At the same time, particularly in Germany, policymakers have encouraged renewable power generation through mandates and massive subsidies. This has indeed resulted in reductions in total CO2 emissions – about 9 percent throughout Europe between 2010 and 2015 – though it is worth pointing out these are considerably smaller than those achieved in the United States under less interventionist policies.
These reductions have come at no small expense. Both natural gas and electricity prices in Europe are about twice those in the United States. In addition, the estimated total tax burden impacting German consumers in 2017 from its government’s renewable policies – the Energiewende – is €32 billion, based on official sources ; which equates to around €840 per household.
By 2025, the cumulative cost of Germany’s energy transition could be equivalent to €25,000 for a typical four-person household according to a recent study . In the period 2010 thru 2015 Germany has decreased its CO2 emissions by 3 percent. Different policy choices could have achieved greater CO2 reductions at lower societal cost.
The United Kingdom has taken a different approach, including a greater reliance on natural gas. The estimated cost of its renewable policies this year is about a quarter that of Germany. And between 2010 and 2015, CO2 emissions in the U.K. fell 17 percent.
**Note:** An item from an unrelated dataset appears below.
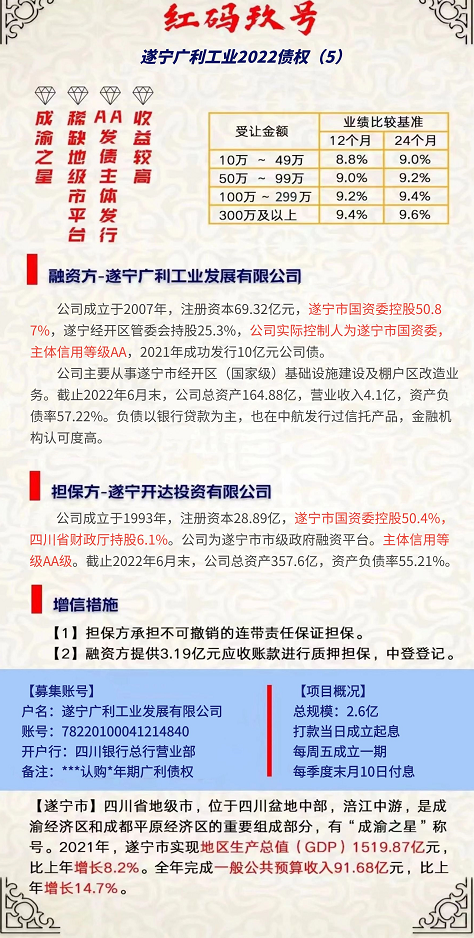 成渝之星,绿色遂宁 遂宁市国资委控股融资平台 国家级经开区唯一工业投资平台 AA发债平台发行 AA发债地级市平台担保 足额应收账款质押并登记 该笔融资报主管部门批准【红码9号-遂宁广利工业发展有限公司2022债权(5)】【总规模】不超过2.6亿,本期3500万元。【期限】12/24个月【收益兑付】季度付息,季度末月10日【成立

I am not anticipating Europe replicating the experience in the United States. But I do think that the experiences in the U.S. and also here in the U.K. hold a number of lessons for continental policymakers to consider. We should not underestimate the challenges of implementing climate policies. The energy trilemma is unforgiving and will expose inefficiencies like the burden of overlapping policies.
The policy opportunity
In the post-Paris environment, industry and policymakers have an opportunity to craft affordable and sensible strategies for addressing climate change risks. It is an opportunity to focus on the development of solutions that can help deliver global energy security and affordability while reducing emissions.
When it comes to policies for putting a price on greenhouse gas emissions, we believe their effectiveness will be determined by how closely they hew to certain core principles:
- Uniformity of application,
- Reliance on markets to drive the selection of solutions,
- Minimal regulatory complexity and maximum transparency,
- And the flexibility to make future adjustments
In our view, a revenue-neutral carbon tax fulfills those principles.
It is an efficient means of reflecting the cost of carbon in all economic decisions made by companies and consumers. The challenge is global, so policy options must encourage and support global engagement.
Managing the balance of nature
A final thought: We are gathered in a beautiful hotel that stands on the spot of what was Grosvenor House, perhaps the finest London residence of the 19th century and home to the Dukes of Westminster, whose family name is Grosvenor.
When the sixth Duke of Westminster, Gerald Cavendish Grosvenor, passed away last year at the age of 64, his obituaries noted his abiding concern for the environment.
They also noted his belief in mankind’s obligation to protect it. He was quoted once saying “It is therefore our responsibility to manage the balance of nature, alongside the 20th century industrialization that we appear to find so necessary.”
The late Duke of Westminster remains correct on that score. The obligation to balance nature with modern society remains.
So too does our obligation to spread the benefits of affordable and reliable energy widely to raise living standards, promote economic development, and alleviate poverty.
More and more, it seems clear, natural gas is suited to play a key role.